Telling a Story

    It's always an adventure, telling a story. You have the picture of it in your mind, you can see the characters just as they are, not just their looks or actions, but the distinct traits and emotions that fuel their actions. You can see the house where they live, whether it be rugged or ramshackle or ostentatious. You see the characters and how they live. Russell lives on one side of the park and Nancy on the other, and perhaps Nancy has lace curtains, so when Russell stands out below her window, he can see her moving before she peeks out and sees him. And he sees something of her, and the audience sees something through his eyes, something the writer already knows, because they would be intimately acquainted with those characters.

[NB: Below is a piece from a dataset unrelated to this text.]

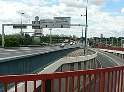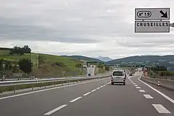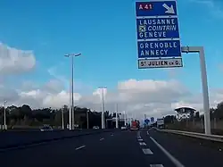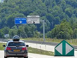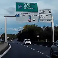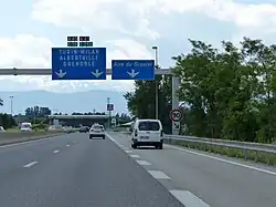 | D31f | Bifurcation autoroutière | Bleu | Numéro de la voie inscrit dans un encart dont la couleur est liée au statut de la route concernée | ![]() |
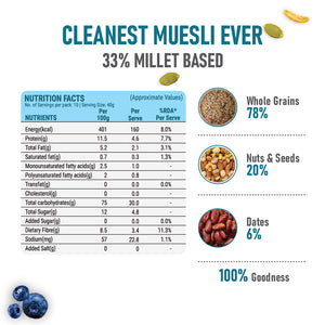 What sets Pintola MUESLI apart is its dedication to being gluten-free and wheat-free, making it an excellent choice for individuals with gluten sensitivities or celiac disease. With a focus on wholesome ingredients, this muesli is made with 74% whole grains, ensuring you get the essential nutrients and fibre your body needs. The blend includes corn flakes, jowar flakes, bajra flakes, rolled oats, ragi flakes, and brown rice flakes, offering a diverse and delicious combination.

    People don't really write of what they don't know, or that's not how they start off. You have to find something of value, something that the audience will find valuable, and you have to be familiar with it. There has to be a genuine aspect to your introduction of character and setting and plot. There must be adequate description, but also a mystery. And the mystery must be honestly set out, so you know that you will discover the hidden bits and quirks and secrets of the characters, because nobody wants a character that is set forth as who he will be, you want to know where they stand at the beginning, not at the end, and if it starts at the end, then the mystery part is all the more important.

    Stories should be journeys. You should be living with the character, in the setting, during the plot. As the character breathes, you breathe, as they cry, you cry and every time it must be honest and true to what was set forth and what you discover along the way. If a character is suddenly presented in a new light, without that mystery at the beginning so the audience knew it was promised, it can be very disappointing. You are lead to believe one thing, and find yourself completely deceived. Unexpected plot twists are not unwelcome, but the audience appreciates the honesty at the beginning that you don't know what is going to happen, but here is someone you can care about.

    There must be something you can relate to about the characters. Even the villain needs something about him, if he is not redeemable, there needs to be a look into his past, something that lets the audience understand why he cannot be saved. A character created to be hated is a worthless character, unless he has a real personality, real emotions, real thoughts that follow some semblance of logic, so that while the audience hates the actual character, they appreciate his part in the plot. And a redeemable villain is better all the more, because your sympathies and emotions become attached to the story even further, because the villain has more to him that his ability to be hated.

    And the heroes can never be perfect, because people aren't perfect. Even while you read something to get away, to distract yourself from what is real, you want to read something credible. This does not do away with fantasy or science fiction. It merely means that within the guidelines of that world as introduced to the audience, the actions of characters and the tone of the setting must be consistent to that world. Within the fantastic bound of whatever realm you are transported to, credibility must still be established or the whole thing sounds like an unfinished dream that you crammed onto paper and thought, "it's not real, it doesn't need to make sense," but it does, and as long as it makes sense within the rules of the realm, it does not need to follow the rules of the real world.

    Writing is an adventure! The writer needs to believe in the story before the audience can. If they author scoffs his own work, the audience loses faith, and the story is lost. The honesty is not there and, consequently, the characters and setting and plot have no credibility and so die. Many fantastic things can happen on adventures, but they must still be "real" according to whatever rules you have set forth for that realm, for that dream, for that journey.


    Honest adventures are the best kind, because the more you believe it, the more they will.